- **EXERCISE DETAILS**
Could you give the data below again exactly, apart from the pictures?

- **INFORMATION SHOWN**
◇ ◇ ◇

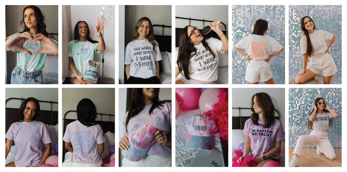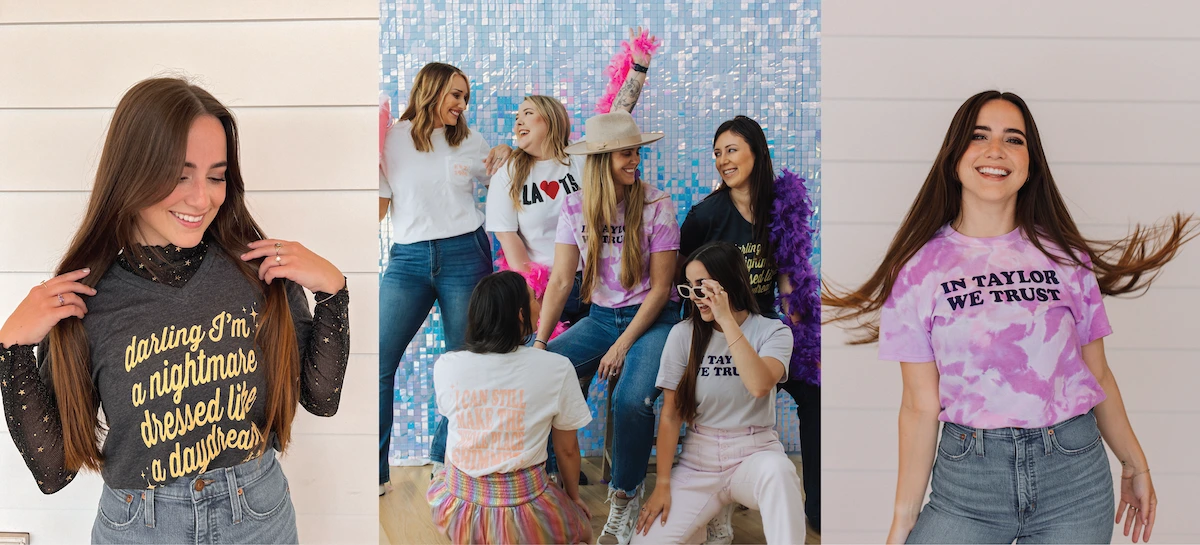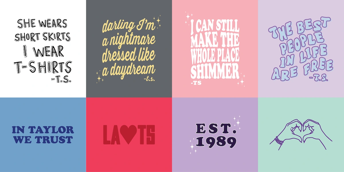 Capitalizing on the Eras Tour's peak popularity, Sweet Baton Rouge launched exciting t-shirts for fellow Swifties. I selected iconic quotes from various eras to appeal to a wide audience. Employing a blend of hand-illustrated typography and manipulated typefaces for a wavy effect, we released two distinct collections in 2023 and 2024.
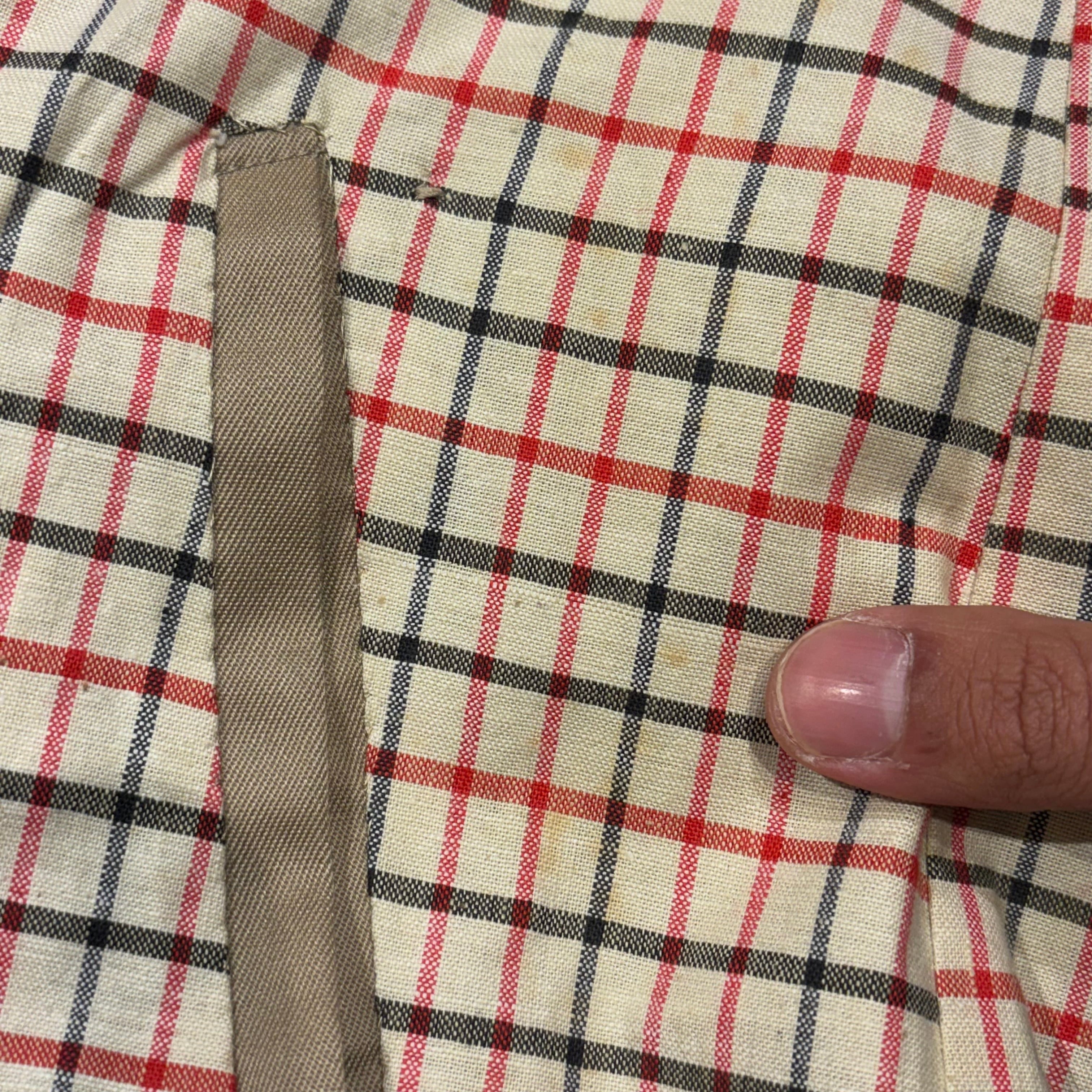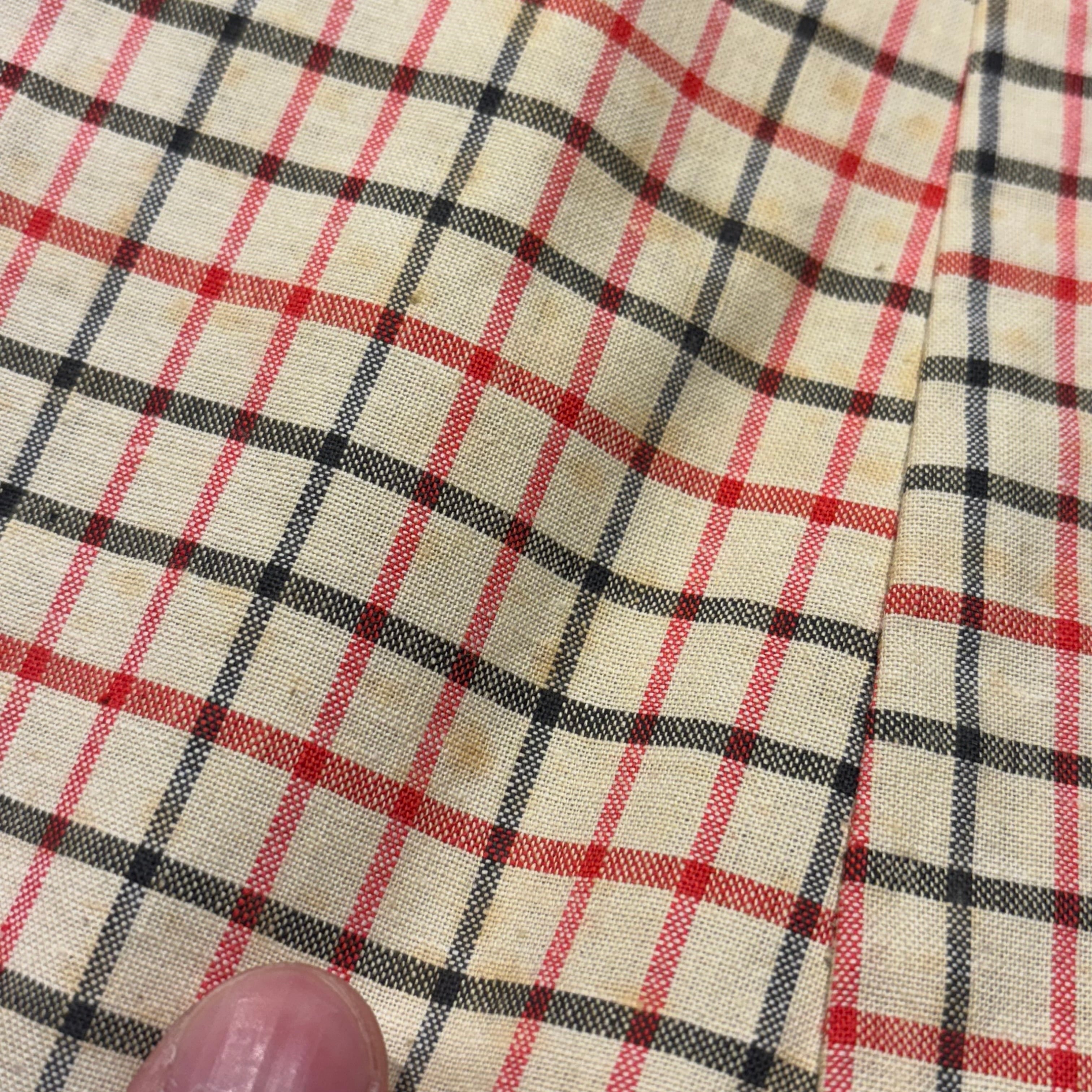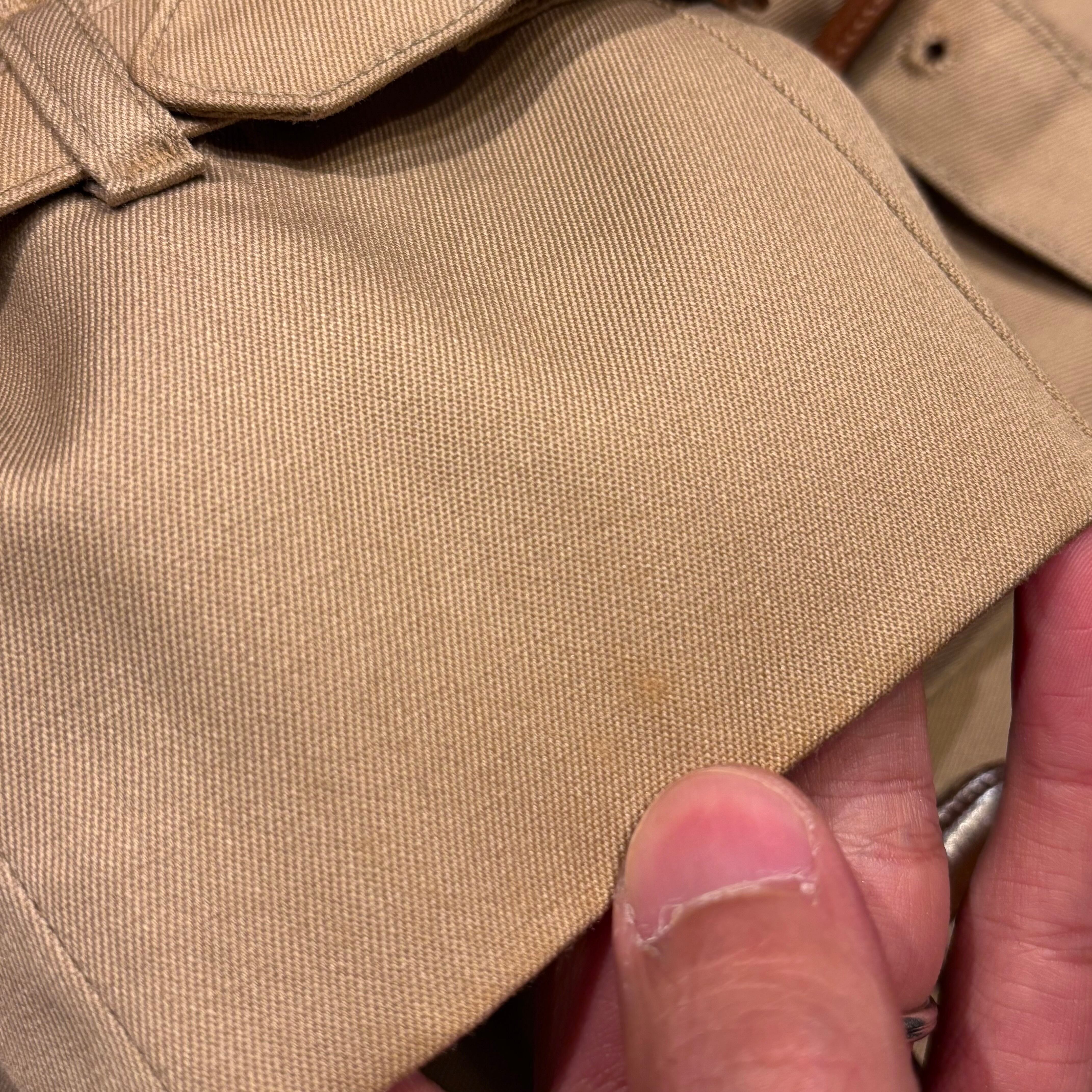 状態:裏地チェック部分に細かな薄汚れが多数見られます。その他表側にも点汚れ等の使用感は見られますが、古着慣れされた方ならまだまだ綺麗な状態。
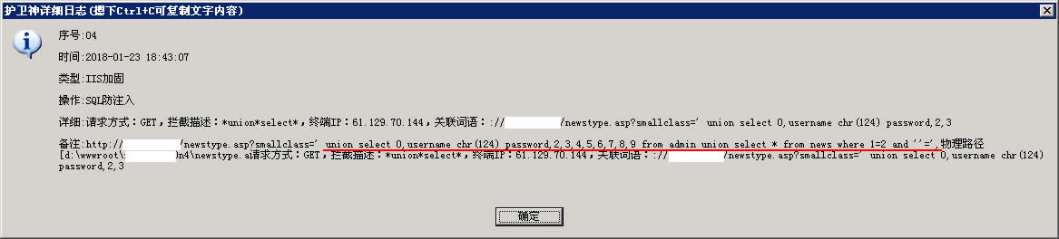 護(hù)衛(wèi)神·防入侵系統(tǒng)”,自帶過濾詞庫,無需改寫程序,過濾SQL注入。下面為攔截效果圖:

◇ ◇ ◇

- **SOLUTION FOR THIS EXERCISE**
 Capitalizing on the Eras Tour's peak popularity, Sweet Baton Rouge launched exciting t-shirts for fellow Swifties. I selected iconic quotes from various eras to appeal to a wide audience. Employing a blend of hand-illustrated typography and manipulated typefaces for a wavy effect, we released two distinct collections in 2023 and 2024.
 状態:裏地チェック部分に細かな薄汚れが多数見られます。その他表側にも点汚れ等の使用感は見られますが、古着慣れされた方ならまだまだ綺麗な状態。
 護(hù)衛(wèi)神·防入侵系統(tǒng)”,自帶過濾詞庫,無需改寫程序,過濾SQL注入。下面為攔截效果圖:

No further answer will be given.